Oxfordshire RFU County Cup
- Sport: Rugby Union
- Instituted: 1970; 56 years ago
- Number of teams: 10
- Country: England
- Holders: Oxford Harelquins (2022-23)
- Most titles: Henley Hawks / Oxford (11 titles)
- Website: Oxfordshire RFU website

= Oxfordshire RFU County Cup =

The Oxfordshire RFU County Cup is an annual rugby union knock-out club competition organised by the Oxfordshire Rugby Football Union. It was first played during the 1970–71 season, with the inaugural winners being Oxford. It is the most important rugby union cup competition in Oxfordshire, ahead of the Oxfordshire RFU County Shield, It is currently held by Wallingford RFC.

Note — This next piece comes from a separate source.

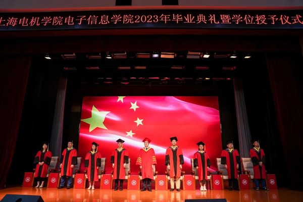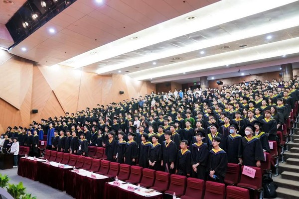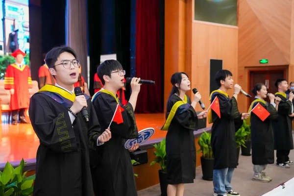上午10点,在观看暖场视频《跃入人海 扬帆起航》后,毕业典礼在庄严的国歌中拉开帷幕。

The County Cup is open to club sides based in Oxfordshire playing in tier 6 (South West 1 East) and tier 7 (Southern Counties North) of the English rugby union system, 2nd teams of higher ranked clubs in the county (tiers 3–4), as well as invitee sides from outside of the league structure (e.g. university representative sides). The current format is a knock-out competition with a preliminary round, first round, semi-finals and a final played at Iffley Road in Oxford in March–April.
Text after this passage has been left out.